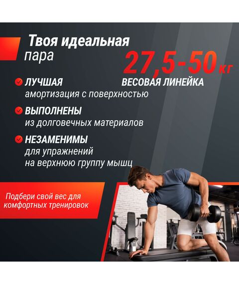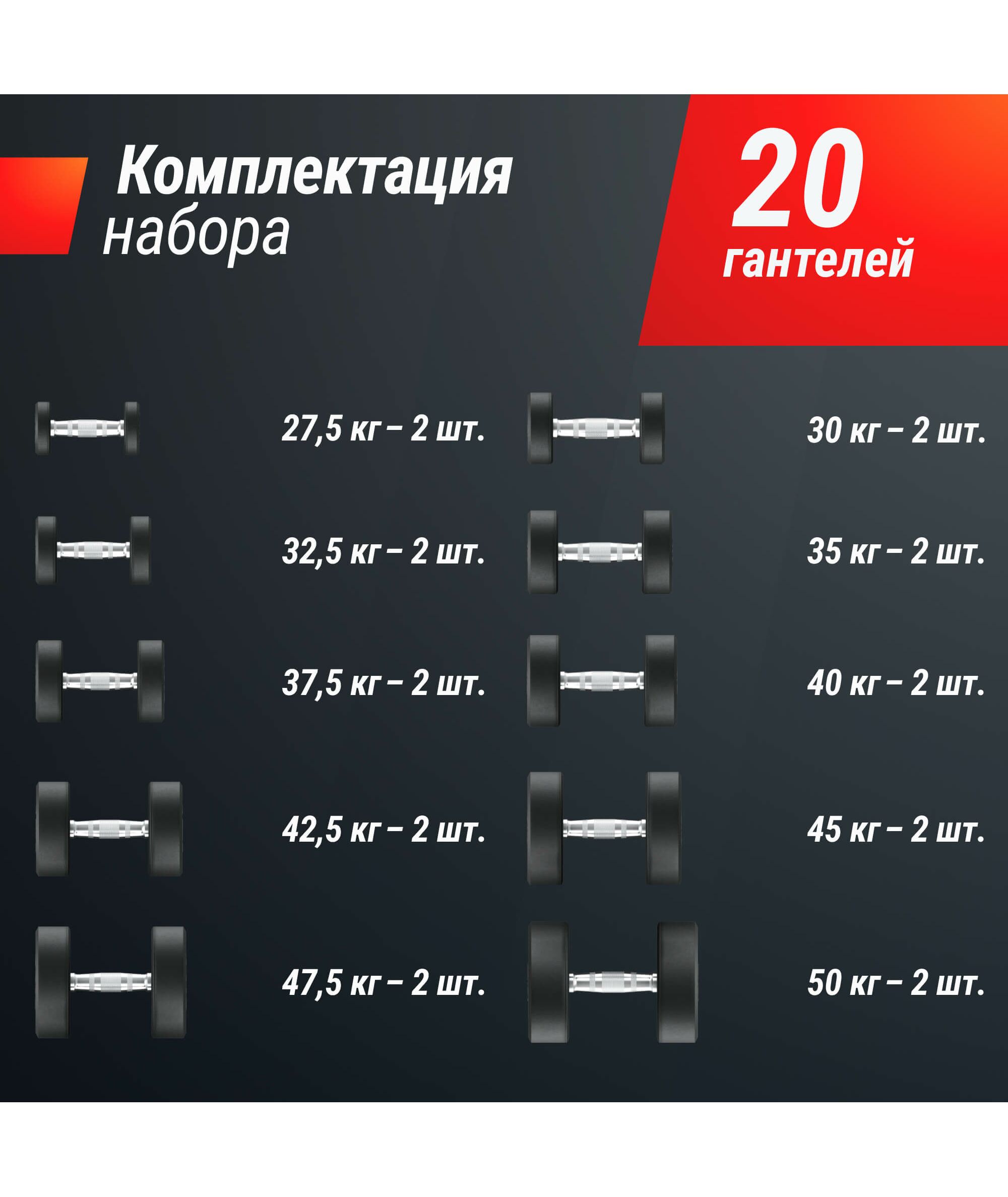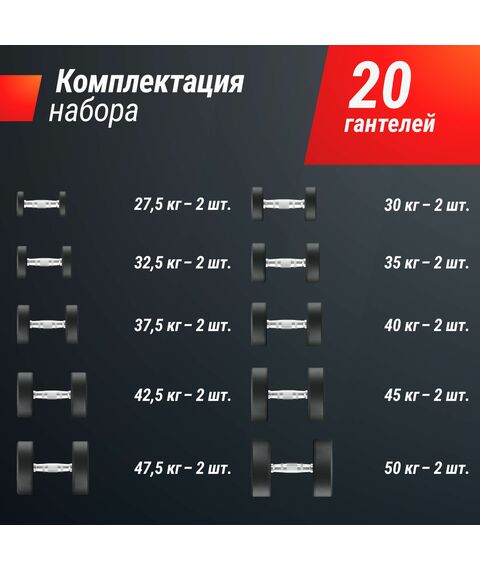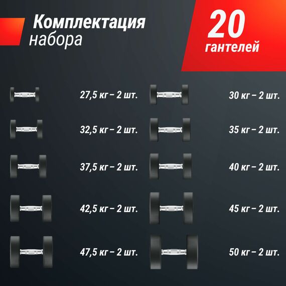 | Комплектация | гантели: 27,5 кг - 2 шт, 30 кг - 2 шт, 32,5 кг - 2 шт, 35 кг - 2 шт, 37,5 кг - 2 шт, 40 кг - 2 шт, 42,5 кг - 2 шт, 45 кг - 2 шт, 47,5 кг - 2 шт, 50 кг - 2 шт. |
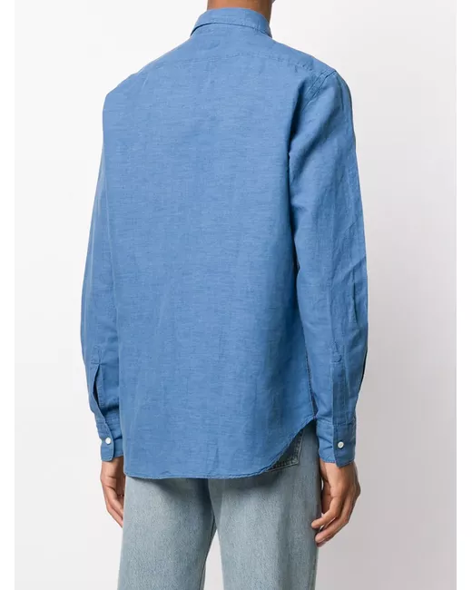 Denim blue linen-cotton blend plain button-up long sleeve shirt from Aspesi featuring a button collar, a front button fastening, a chest pocket, a curved hemline, long sleeves and button cuffs. POSITIVELY CONSCIOUS: At least 50% of the main material of this product meets our conscious criteria: for example, it's either organic, recycled, upcycled, or independently recognised as being better for the environment (such as linen, ramie, Tencel, etc.).
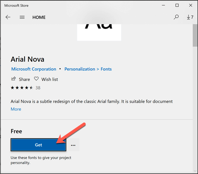 - In the preview section for a font in the Microsoft Store, press the **Get** button. This will download and install the font on your PC. You’ll need to authorize the purchase if you’re purchasing a paid-for font at the next stage.
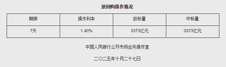 中新网10月27日电 据央行网站消息,2025年10月27日中国人民银行以固定利率、数量招标方式开展了3373亿元7天期逆回购操作。具体情况如下:
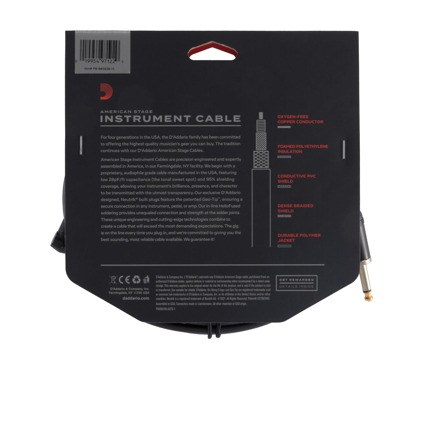 D'Addario American Stage Series Cables Are Designed To Reproduce The Natural Tones Of Your Instrument With Zero Interference. With Audiophile Quality Wire, Which Is Made In The Usa, The Low 28Pf/Ft. Capacitance Is The Sweet-Spot For Uncolored Tone And The 22Awg Oxygen-Free Copper Conductor Provides Exceptional Signal Transfer. Full Shielding Coverage Comes From Using 95% Tinned Copper Braiding, Eliminating Handling Noise And Rejecting Interference. American Stage Cables Also Feature D'Addario Designed Neutrik Made Connectors Featuring The Patented Geo-Tip. The Geo-Tip Allows For A More Secure Connection In Guitars, Pedals And Amps Over Ordinary Connectors. Using Only The Finest Materials, Custom Designs And Precision Usa Manufacturing Methods, American Stage Delivers A Professional Performance Cable. The Result Is Pure. American Stage Cables Are Built To Ensure That Your Tone Comes Through Exactly The Way You Want It.
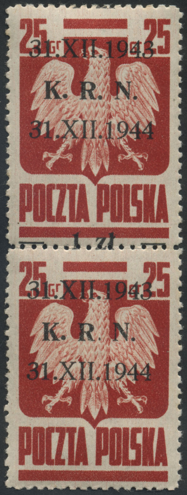1944 K.R.N., parka znaczków z przesuniętym w pionie nadrukiem, dolny znaczek prawie bez nominału. | Fi.344MK Mi.386 |
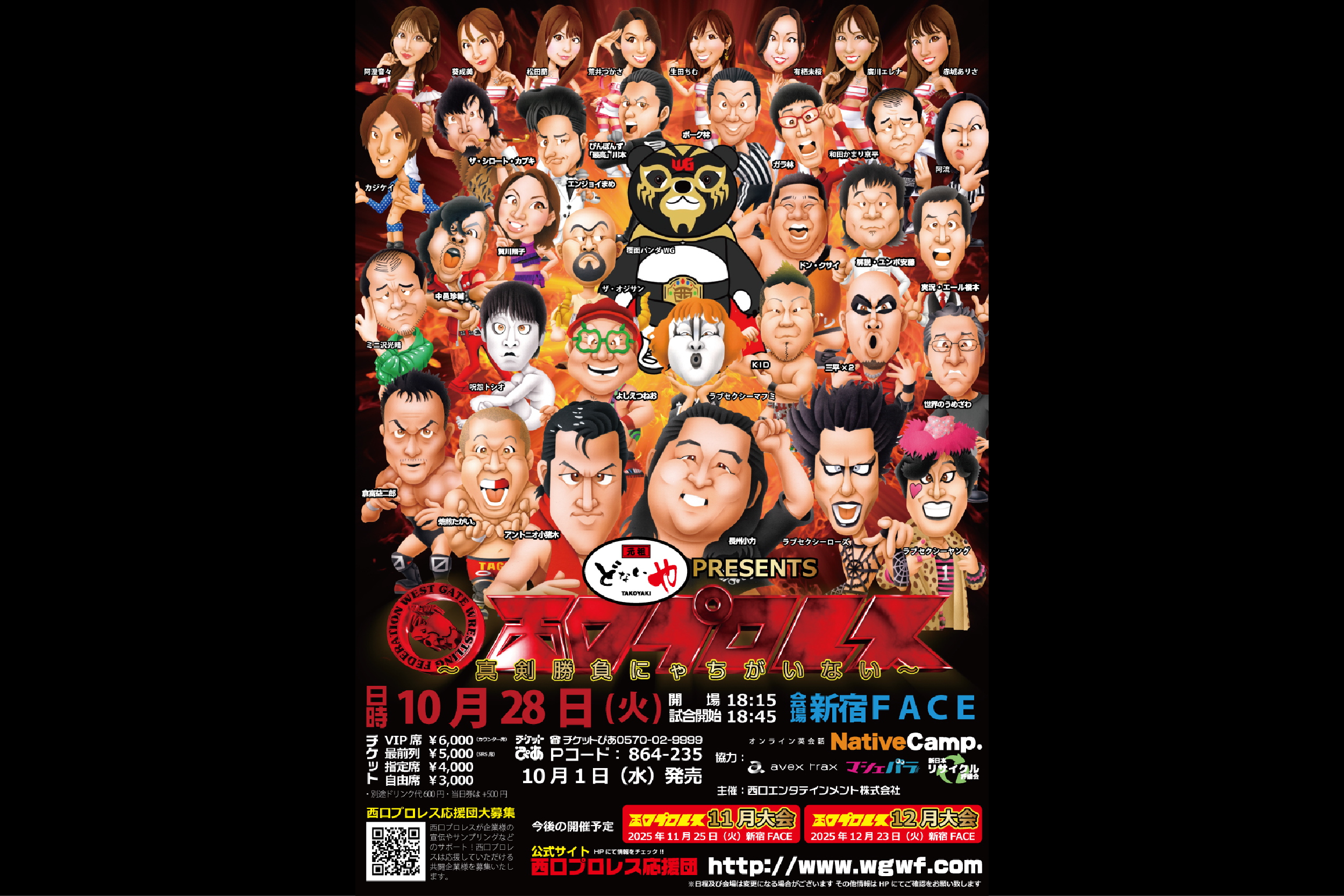 SCHEDULE 2024 01 02 03 04 05 06 07 08 09 10 11 12 2026 2025.10 2025. 11 November 2025. 09 September October 28Tue 西口プロレス 元祖 どないや PRESENTS 西口プロレス ~真剣勝負にゃちがいない~ OPEN/START 18:15 / 18:45 PRICE VIP席 6,000円 最前列席 5,000円 指定席 4,000円 自由席 3,000円 (当日券は+500円) LINE UP OFFICIAL SITE 西口プロレス TICKET ■チケットぴあ[Pコード:864-235] ■西口プロレス事務局 [TEL] 03-6416-0218 ■各選手まで INFO 西口プロレス事務局 [TEL] 03-6416-0218 NOTE 別途1ドリンク代600円
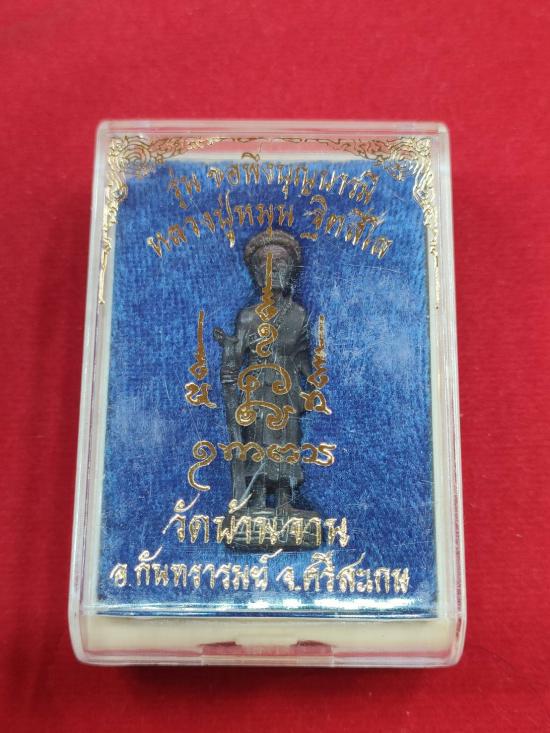 รูปหล่อพิมพ์ยืน หลวงปู่หมุน รุ่นพึ่งบารมี ปี2557 วัดบ้านจาน จ.ศรีสะเกษ เนื้อทองเหลืองรมดำ กล่องเดิม องค์ที่3
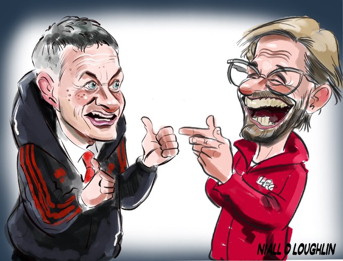 Absolutely shite game as I predicted, I think both teams cancelled each other out and we’re happy with a point #liverpoolfc #liverpoolart #manutdart #solskjaer #olegunnarsolskjaer #klopp #caricature #munliv #mufc
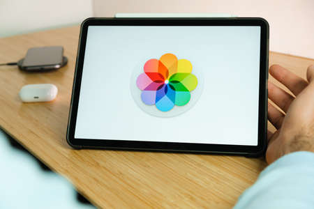 Apple Photos logo on the screen of iPad tablet. March 2021, San Francisco, USA
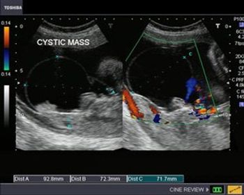This case study shows a 26 week gestation with a cystic mass close to the sacrum.
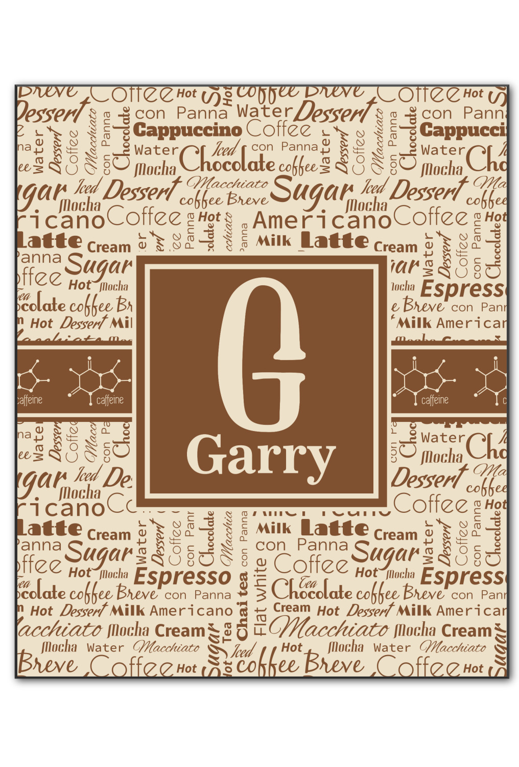This design has a fun word cloud background with words like macchiato, sugar, coffee, latte, americano, and more. The colors are a light cream and chocolate brown. In the center is a frame where you are able to add personalization. The ribbon behind the frame has the chemical symbol for caffiene.
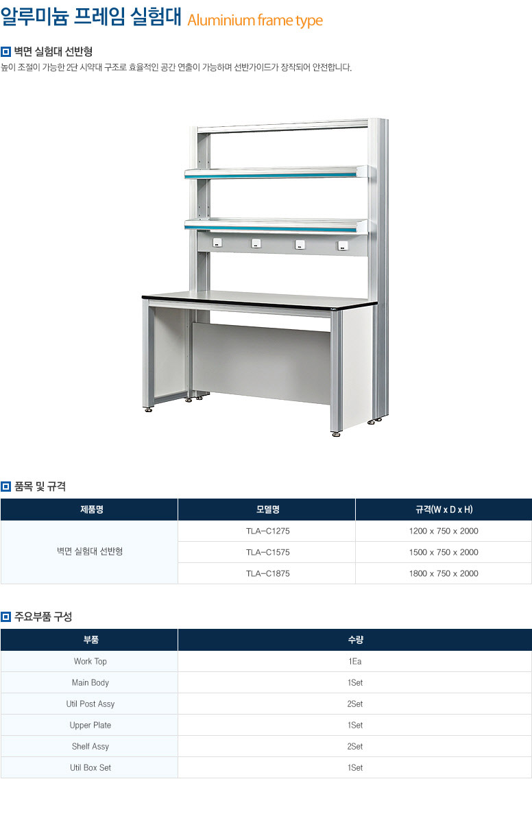 다양한 실험기기나 서적등 기타 용품들을 수납할 수 있는 상부장이 설치되어 있어 편리하고 쾌적한 실험 공간을 제공합니다.
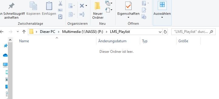 Danach habe ich das NAS und den Raspberry neu gestartet und .... leider keine Veränderungen zu vorher. Playlisten landen einfach nicht im LMS_Playlist Ordner. :x
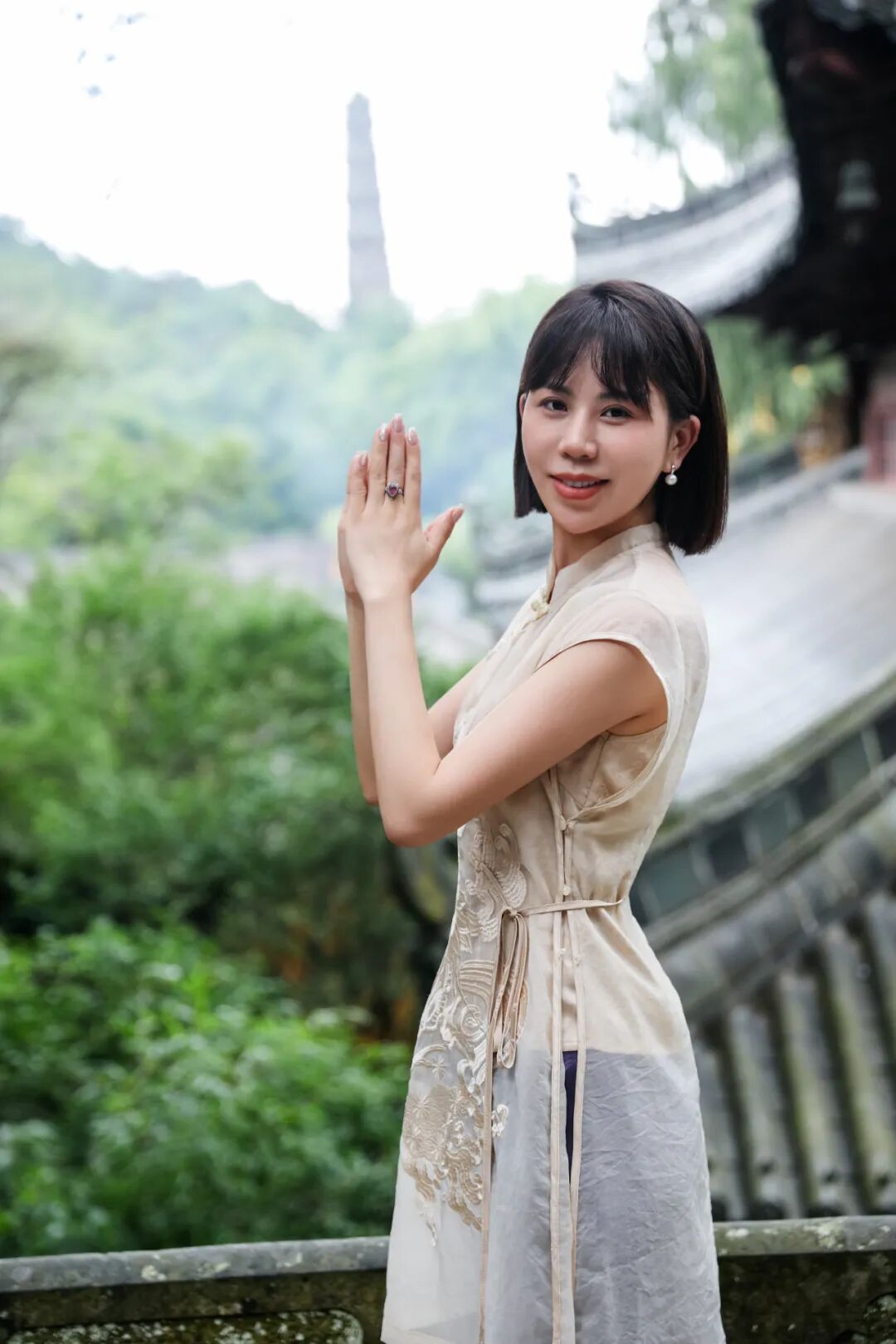 青砖黛瓦映天光,大家凝神驻足于镌刻着“隋代古刹”四字的斑驳照壁前。
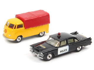 comprend : VOLKSWAGEN COMBI pick-up bâché & DODGE ROYAL SEDAN 'POLICE' (petites craquelures sur le gyrophare, micro-projections de peinture sur la carrosserie par endroits) - on y retrouve les marques : CORGI TOYS & DINKY TOYS

------

### [What to produce]
In the listing above, find the line containing "Absolutely shite game" and the line containing "This case study". Reproduce those lines and all between them exactly, with no pictures and nothing more.

### [Output of the exercise]
 Absolutely shite game as I predicted, I think both teams cancelled each other out and we’re happy with a point #liverpoolfc #liverpoolart #manutdart #solskjaer #olegunnarsolskjaer #klopp #caricature #munliv #mufc
 Apple Photos logo on the screen of iPad tablet. March 2021, San Francisco, USA
This case study shows a 26 week gestation with a cystic mass close to the sacrum.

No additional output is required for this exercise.